Greta recogió las hojas que le habían tirado a la falda y las puso en el asiento.

– Ah, no. No me han herido, ¿no lo ves?

– Siento no haber podido impedir que te destrozaran el libro. Está por todas partes, ¿no?

– Ahora sí.

Juntó las piernas para que no le temblaran al ponerse de pie.

– Esta es mi parada -dijo.

– Y la mía.

Bajó al andén en Moorfields y se apresuró hacia la escalera mecánica, que era más alta que una casa. El joven subió por la escalera junto a ella. Aunque estaba parada, podía seguirle el paso con facilidad. A mitad de camino dijo:

– Llamé a la policía.

– ¿Ah sí? -dijo Greta como si le estuvieran mintiendo como a una niña-. ¿Cómo conseguiste hacerlo con un teléfono móvil mientras estábamos en el túnel?

– Llamé antes de que entráramos en él.

– Entonces no había motivos para llamar -dijo, sintiéndose inteligente.

– Los vi subirse fumando y dirigiéndose hacia ti y también cómo eran. Intenté llamar de nuevo cuando estuvimos bajo tierra, pero, como tú dices, el teléfono no funcionaba. Por eso me escondí.

– Bueno, si de verdad lo hiciste, gracias.

Estaba siendo educada, más de lo que pensaba que se merecía. Ya estaban en lo alto de la escalera y delante se abría un pasillo bajo y ancho; tan blanco como la cobardía. Estaba vacío y solo se oía el eco de sus pisadas y las del joven que iba junto a ella.

– Discúlpame -jadeó-. Llego tarde.

– No me importa ir más deprisa. Me gustaría asegurarme de que no corres peligro.

Su propia voz y el eco le parecieron estridentes incluso a ella:

– Soy perfectamente capaz de cuidarme sola, gracias.

– ¿Y si te toparas con alguien como ellos?

– Al menos puede que no me insulten de todas las formas posibles.

– ¿Eso va por mí?

– No veo a nadie más aquí.

– Pensé que lo mejor era fingir que yo era peor que ellos.

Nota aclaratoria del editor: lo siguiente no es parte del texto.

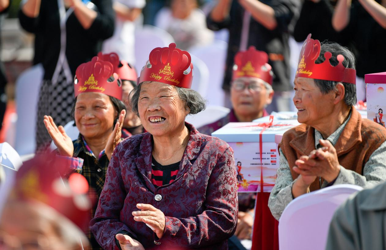 杨家峪村为长者举办集体庆生活动。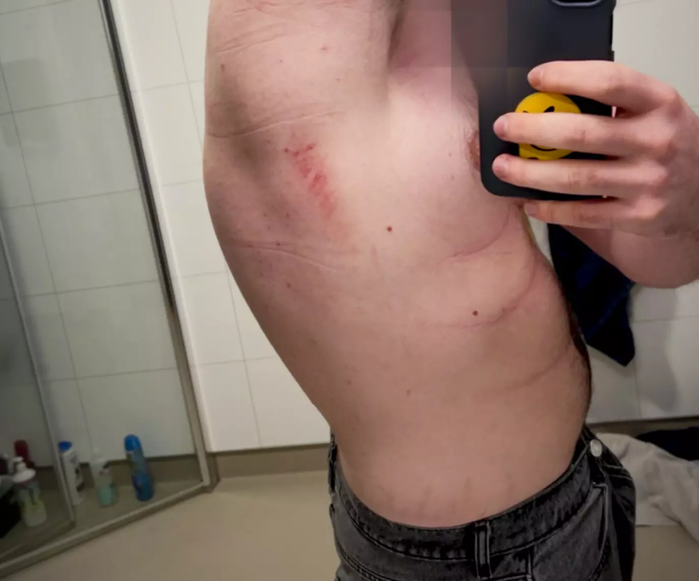 FIKK MERKER: – Slik så armen min ut etter at jeg ble lagt i bakken av ansatte, forteller «Anders». Foto: Privat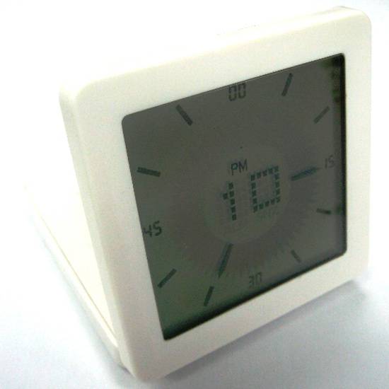 This is a digital LCA clock. This clock has dual power:solar and battery. This is an environmental friendly product.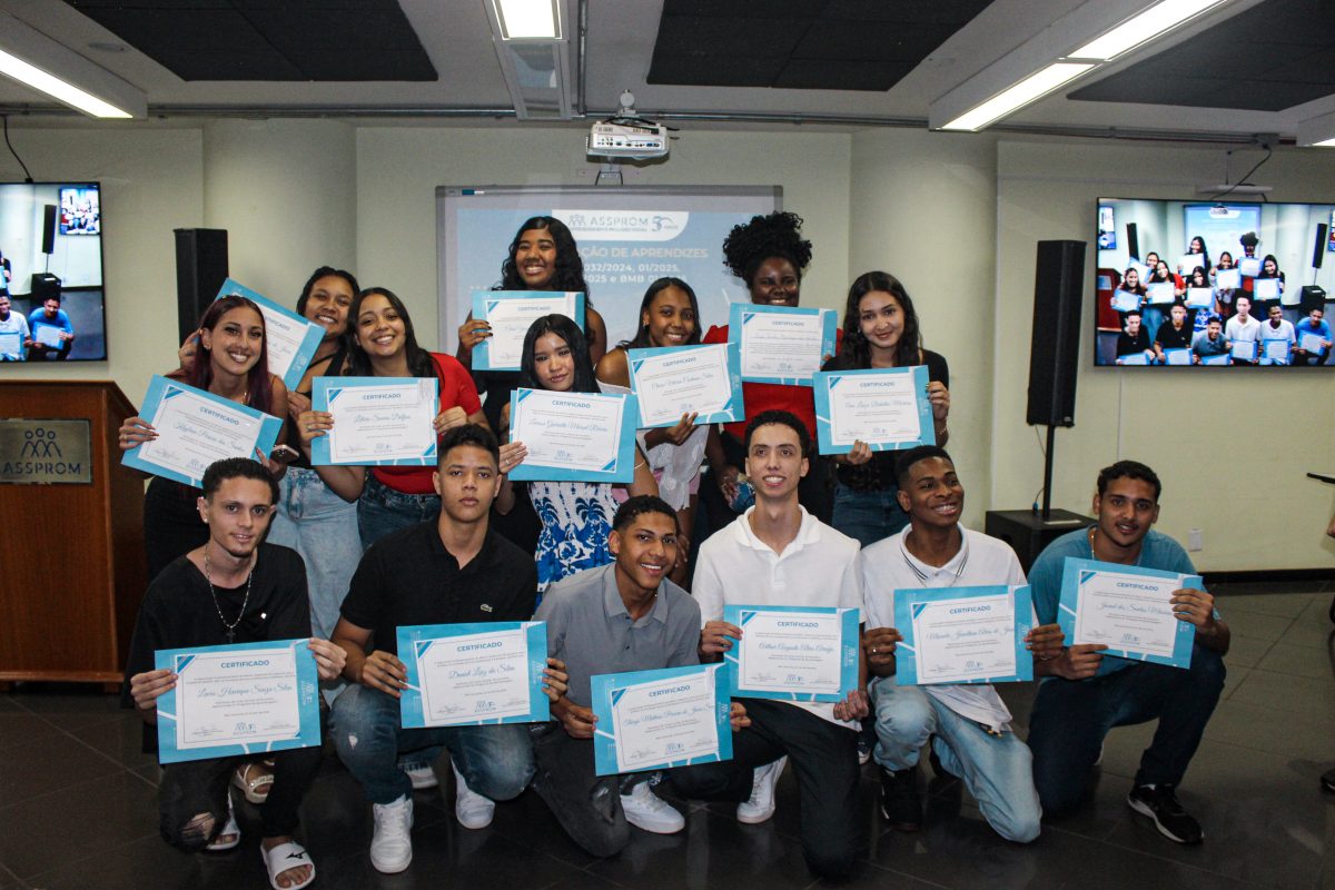 A certificação de aprendizes realizada no dia 2 de abril reuniu as turmas 032/2024, 001/2025, 017+018/2025 e BMB para a conclusão do ciclo formativo na Assprom.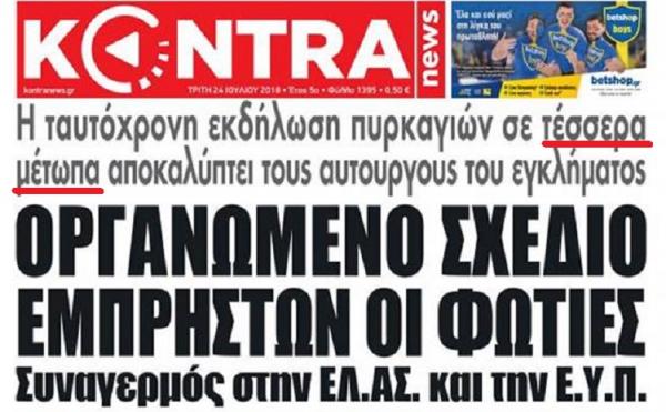 Το «Έθνος» μιλάει για 9 εμπρηστικούς μηχανισμούς και δημοσιεύει μάλιστα φωτογραφία από τα υποτιθέμενα ίχνη του εμπρηστικού μηχανισμού. Το επόμενο Σάββατο, το Έθνος μιλάει για 11 εμπρηστικούς μηχανισμούς, ενώ η KONTRA news μιλά για ξένους πράκτορες που πυρπόλησαν την Αττική.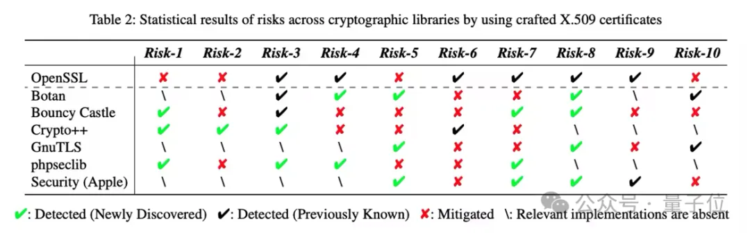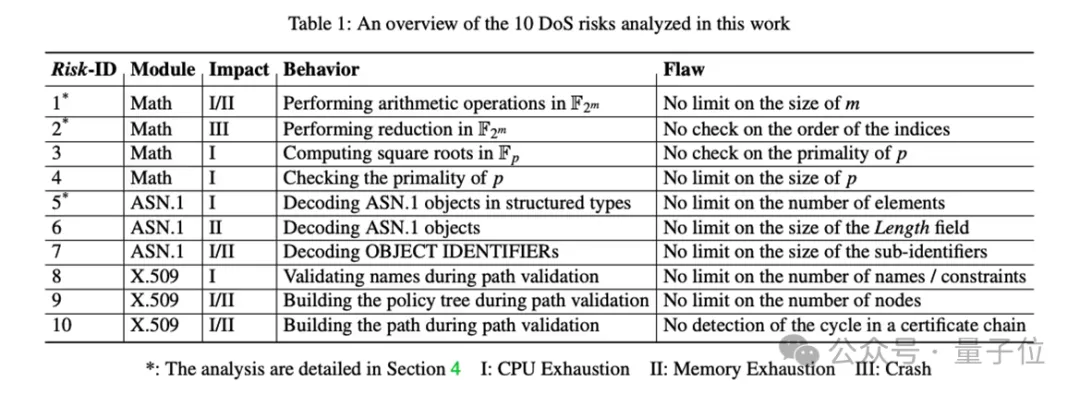 系统性分析与新发现:他们进行了首个针对密码算法库中易受DoS攻击实现的系统性分析工作。在这一过程中,他们发现了三种新的DoS类安全风险,并揭示了一种通用的攻击向量——畸形X.509证书,以利用本研究中总结出的共计10种典型风险所关联的DoS漏洞。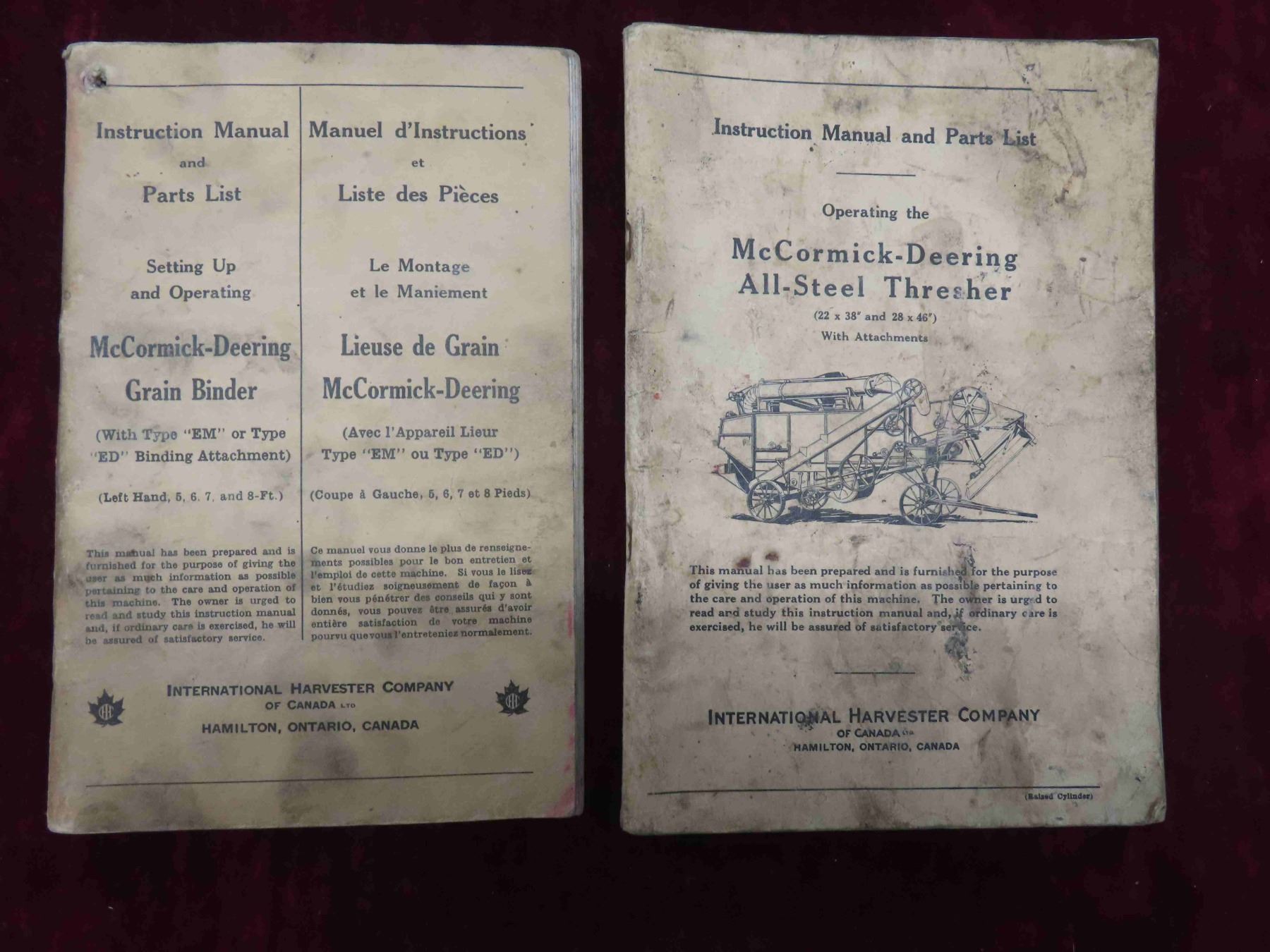 Vintage McCormick Deering Grain Binder Instruction Manual and Parts List , McCormick Deering All Steel Thresher, McCormick Deering 15-30 HP Gear Drive Tractor, McCormick Deering 15-30 HP Gear Drive TG112toTG99925 & More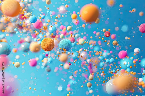 High Definition View of Colored Particles with Blue Background, 3D RenderingHigh Detail, 8K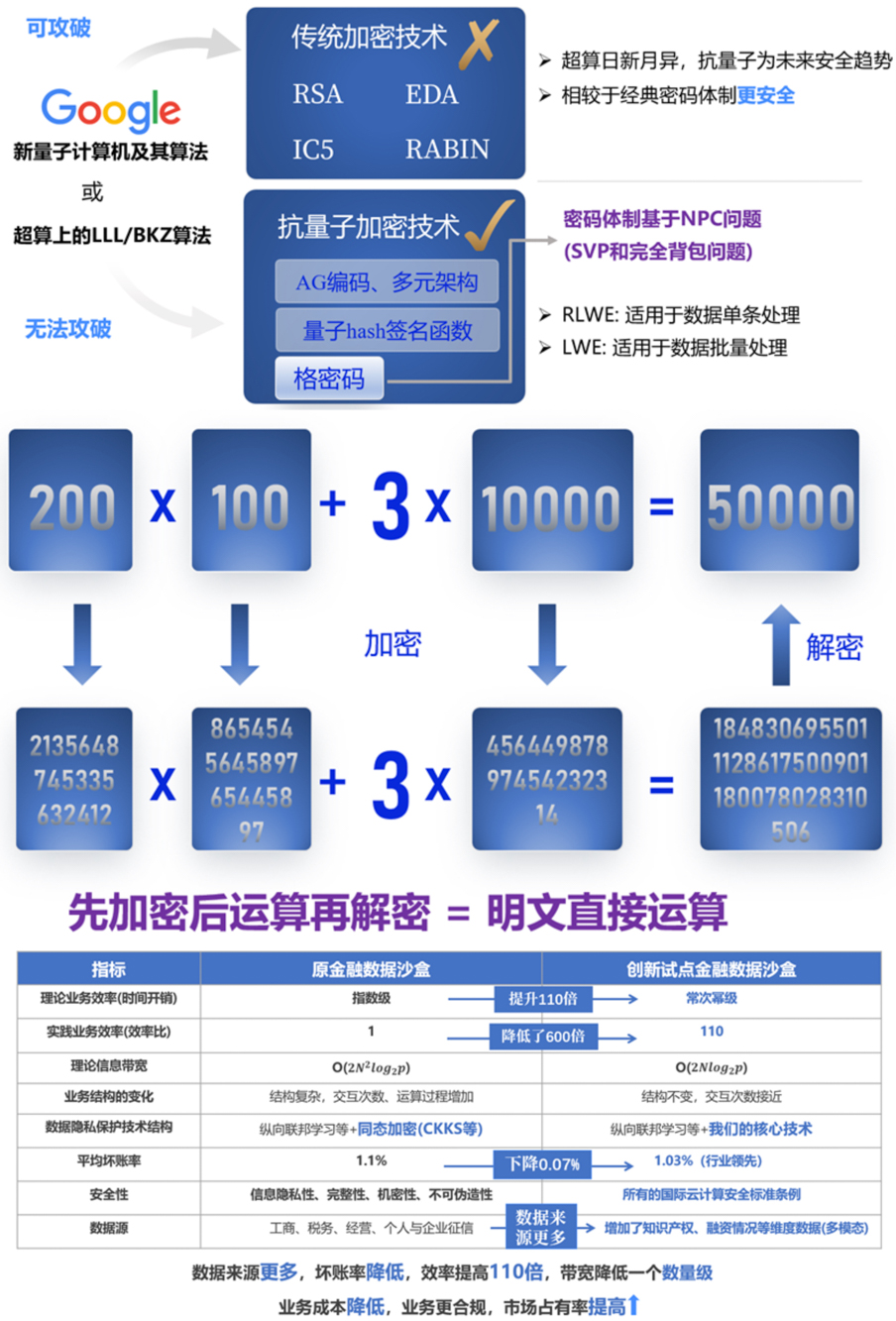 针对难点1,作品打通了数据孤岛,加强了数据维度可得性,扩张了主征信源数据;针对难点2,作品基于独家的抗量子加密技术,提升了产品安全性,降低了成本开销,并且降低了银行坏账率,实现企业、银行的双赢。作品通过金融科技手段,为因数据不足导致融资难以过审的小微企业,提供出一种创新性解决方案。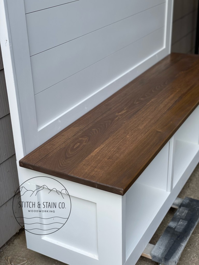 For the bench top I used Poplar Hardwood and stained it in Dark Walnut. While making this top and ripping the wood down, there was a surprise. A bullet. Yep, that’s right a bullet. My husband was helping me that day and was ripping down the wood when some pieces came flying out from the wood and hit him right in the neck and chest. After ripping all the wood we looked over all the pieces and found the hole that the bullet was stuck in. Later on while cleaning up our mess our daughter actually saw something shiny on the ground. It was the tip of the bullet. I have a pic, but its on his phone not mine, otherwise I would’ve attached it. It was a good story to tell our clients at pickup.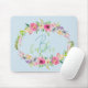 Blue Boho Pastell Floral Name Script Monogram Mousepad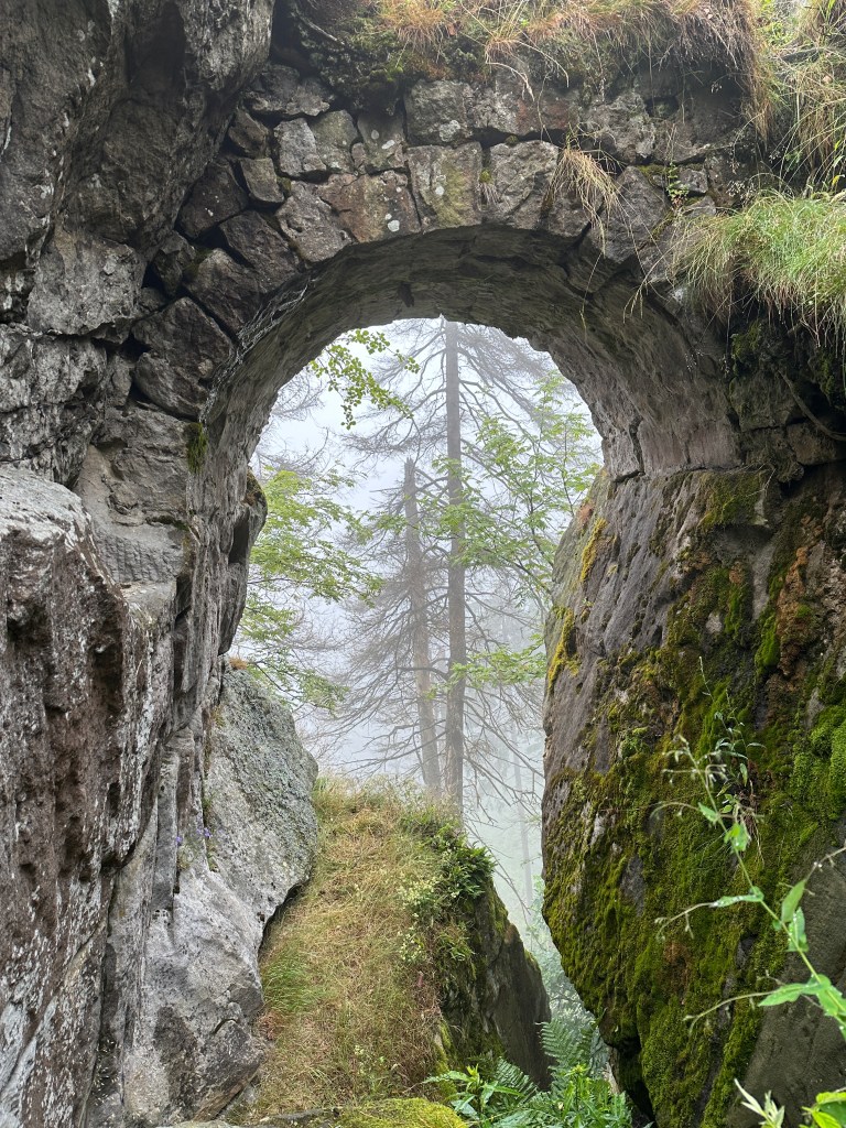 Na górze zamiast widoku czekała na nas tylko biała ściana chmury… Ruiny fortu same w sobie nie zrobiły na nas większego wrażenia.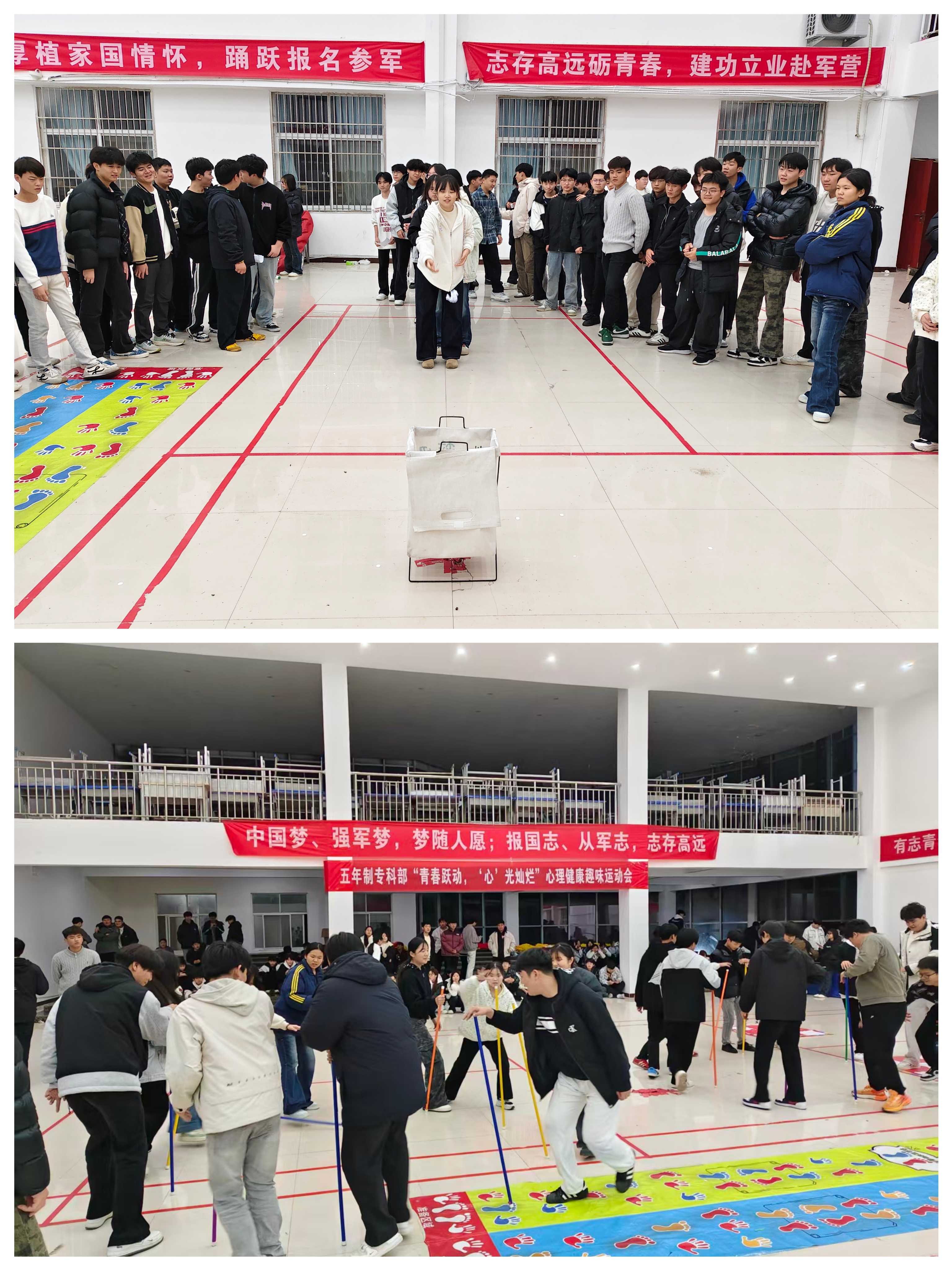 为缓解学生学业压力,促进学生身心健康发展,增强班级凝聚力,11月6日,五年制专科部在室内体育馆举办“青春跃动,‘心’光灿烂”心理健康趣味运动会。24级、25级学生共同参与。

– ¿Por qué tenías que fingir?

– Para distraerlos de ti. Parece que funcionó.

El pasillo terminaba en tres escaleras mecánicas la mitad de altas que la primera. La del medio estaba apagada. Él subió por ella y Greta, por las automáticas.

– Solo quería decir… -dijo.

A Greta le traía sin cuidado. Subió a pie los últimos peldaños, pero él llegó a la vez y con más aliento que ella a lo alto. A ambos lados, un pasillo estrecho y alicatado llevaba hacia la Línea Norte. Subió a toda prisa las escaleras que había en el medio y que conducían a una salida a la calle al final de otro gran pasillo blanco de la longitud de un campo de fútbol.

– ¿Estás segura de que estás bien? -preguntó el joven.